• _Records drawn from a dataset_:
____

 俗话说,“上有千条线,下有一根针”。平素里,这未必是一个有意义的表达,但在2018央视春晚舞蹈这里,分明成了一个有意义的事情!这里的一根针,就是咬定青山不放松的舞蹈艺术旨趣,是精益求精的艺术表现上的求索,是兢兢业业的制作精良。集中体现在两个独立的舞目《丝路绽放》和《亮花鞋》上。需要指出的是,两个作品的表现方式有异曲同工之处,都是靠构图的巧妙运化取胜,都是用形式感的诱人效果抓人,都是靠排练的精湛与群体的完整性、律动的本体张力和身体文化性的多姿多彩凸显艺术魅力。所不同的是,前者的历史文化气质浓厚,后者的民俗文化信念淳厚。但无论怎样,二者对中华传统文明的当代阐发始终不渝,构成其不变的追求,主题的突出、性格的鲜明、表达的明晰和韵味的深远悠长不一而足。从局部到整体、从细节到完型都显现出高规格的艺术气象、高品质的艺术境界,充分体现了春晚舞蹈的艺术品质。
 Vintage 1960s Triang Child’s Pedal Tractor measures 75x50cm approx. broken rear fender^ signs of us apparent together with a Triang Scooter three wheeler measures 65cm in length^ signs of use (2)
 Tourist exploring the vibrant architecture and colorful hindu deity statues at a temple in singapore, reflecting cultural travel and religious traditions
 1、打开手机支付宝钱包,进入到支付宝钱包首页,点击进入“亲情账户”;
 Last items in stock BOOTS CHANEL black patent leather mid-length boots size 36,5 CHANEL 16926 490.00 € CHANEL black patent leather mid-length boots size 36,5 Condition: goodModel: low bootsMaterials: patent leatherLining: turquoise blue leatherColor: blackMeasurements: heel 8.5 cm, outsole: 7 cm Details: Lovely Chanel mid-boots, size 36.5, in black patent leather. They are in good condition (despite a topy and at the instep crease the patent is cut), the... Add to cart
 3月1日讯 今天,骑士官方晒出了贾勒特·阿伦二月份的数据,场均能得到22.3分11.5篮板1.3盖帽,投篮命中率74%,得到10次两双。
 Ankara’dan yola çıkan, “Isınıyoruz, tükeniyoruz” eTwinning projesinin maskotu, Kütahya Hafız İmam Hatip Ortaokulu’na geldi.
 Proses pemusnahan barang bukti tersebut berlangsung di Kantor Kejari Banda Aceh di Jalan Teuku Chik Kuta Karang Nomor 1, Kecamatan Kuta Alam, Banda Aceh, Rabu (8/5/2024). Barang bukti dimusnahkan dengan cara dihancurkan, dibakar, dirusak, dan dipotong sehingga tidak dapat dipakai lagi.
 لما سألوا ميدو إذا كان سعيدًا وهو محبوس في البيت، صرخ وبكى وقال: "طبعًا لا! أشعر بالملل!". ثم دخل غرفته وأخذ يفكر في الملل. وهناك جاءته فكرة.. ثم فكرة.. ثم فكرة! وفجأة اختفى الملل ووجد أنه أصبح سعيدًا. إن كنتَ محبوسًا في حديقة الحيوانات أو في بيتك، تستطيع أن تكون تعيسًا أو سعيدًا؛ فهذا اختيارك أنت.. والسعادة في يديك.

____

• _What the task requires_:
Repeat every line of the records above exactly.

• _Solution_:
 俗话说,“上有千条线,下有一根针”。平素里,这未必是一个有意义的表达,但在2018央视春晚舞蹈这里,分明成了一个有意义的事情!这里的一根针,就是咬定青山不放松的舞蹈艺术旨趣,是精益求精的艺术表现上的求索,是兢兢业业的制作精良。集中体现在两个独立的舞目《丝路绽放》和《亮花鞋》上。需要指出的是,两个作品的表现方式有异曲同工之处,都是靠构图的巧妙运化取胜,都是用形式感的诱人效果抓人,都是靠排练的精湛与群体的完整性、律动的本体张力和身体文化性的多姿多彩凸显艺术魅力。所不同的是,前者的历史文化气质浓厚,后者的民俗文化信念淳厚。但无论怎样,二者对中华传统文明的当代阐发始终不渝,构成其不变的追求,主题的突出、性格的鲜明、表达的明晰和韵味的深远悠长不一而足。从局部到整体、从细节到完型都显现出高规格的艺术气象、高品质的艺术境界,充分体现了春晚舞蹈的艺术品质。
 Vintage 1960s Triang Child’s Pedal Tractor measures 75x50cm approx. broken rear fender^ signs of us apparent together with a Triang Scooter three wheeler measures 65cm in length^ signs of use (2)
 Tourist exploring the vibrant architecture and colorful hindu deity statues at a temple in singapore, reflecting cultural travel and religious traditions
 1、打开手机支付宝钱包,进入到支付宝钱包首页,点击进入“亲情账户”;
 Last items in stock BOOTS CHANEL black patent leather mid-length boots size 36,5 CHANEL 16926 490.00 € CHANEL black patent leather mid-length boots size 36,5 Condition: goodModel: low bootsMaterials: patent leatherLining: turquoise blue leatherColor: blackMeasurements: heel 8.5 cm, outsole: 7 cm Details: Lovely Chanel mid-boots, size 36.5, in black patent leather. They are in good condition (despite a topy and at the instep crease the patent is cut), the... Add to cart
 3月1日讯 今天,骑士官方晒出了贾勒特·阿伦二月份的数据,场均能得到22.3分11.5篮板1.3盖帽,投篮命中率74%,得到10次两双。
 Ankara’dan yola çıkan, “Isınıyoruz, tükeniyoruz” eTwinning projesinin maskotu, Kütahya Hafız İmam Hatip Ortaokulu’na geldi.
 Proses pemusnahan barang bukti tersebut berlangsung di Kantor Kejari Banda Aceh di Jalan Teuku Chik Kuta Karang Nomor 1, Kecamatan Kuta Alam, Banda Aceh, Rabu (8/5/2024). Barang bukti dimusnahkan dengan cara dihancurkan, dibakar, dirusak, dan dipotong sehingga tidak dapat dipakai lagi.
 لما سألوا ميدو إذا كان سعيدًا وهو محبوس في البيت، صرخ وبكى وقال: "طبعًا لا! أشعر بالملل!". ثم دخل غرفته وأخذ يفكر في الملل. وهناك جاءته فكرة.. ثم فكرة.. ثم فكرة! وفجأة اختفى الملل ووجد أنه أصبح سعيدًا. إن كنتَ محبوسًا في حديقة الحيوانات أو في بيتك، تستطيع أن تكون تعيسًا أو سعيدًا؛ فهذا اختيارك أنت.. والسعادة في يديك.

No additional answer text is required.